### [Information provided]
Content starts
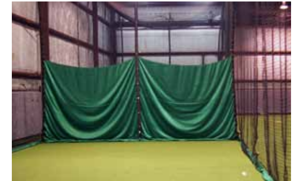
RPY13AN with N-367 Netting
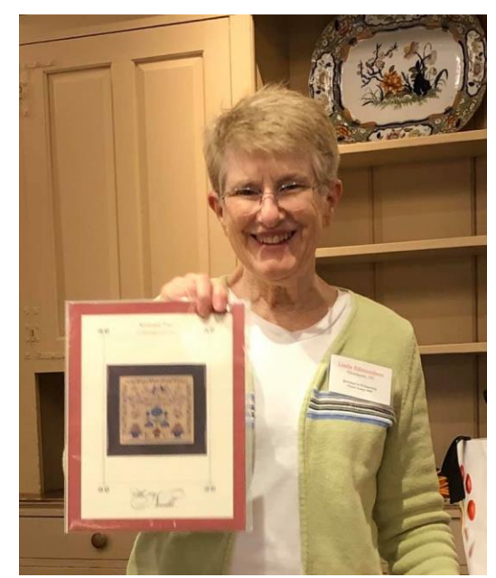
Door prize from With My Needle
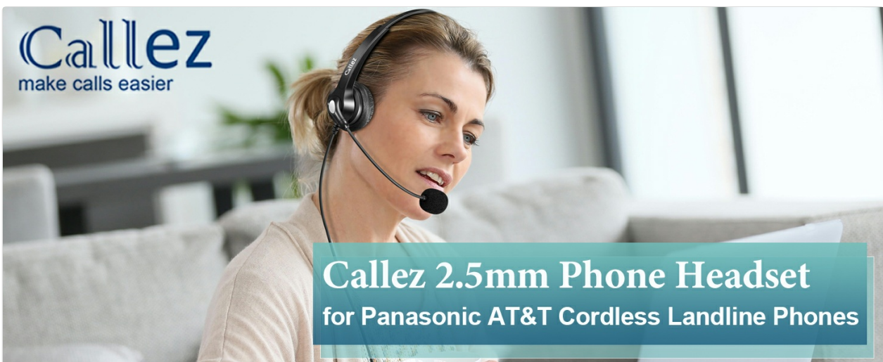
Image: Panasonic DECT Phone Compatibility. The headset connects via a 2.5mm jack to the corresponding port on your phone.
Content ends
### [Directions]
Could the material above be given again exactly, pictures excluded?

### [Answer box]
RPY13AN with N-367 Netting
Door prize from With My Needle
Image: Panasonic DECT Phone Compatibility. The headset connects via a 2.5mm jack to the corresponding port on your phone.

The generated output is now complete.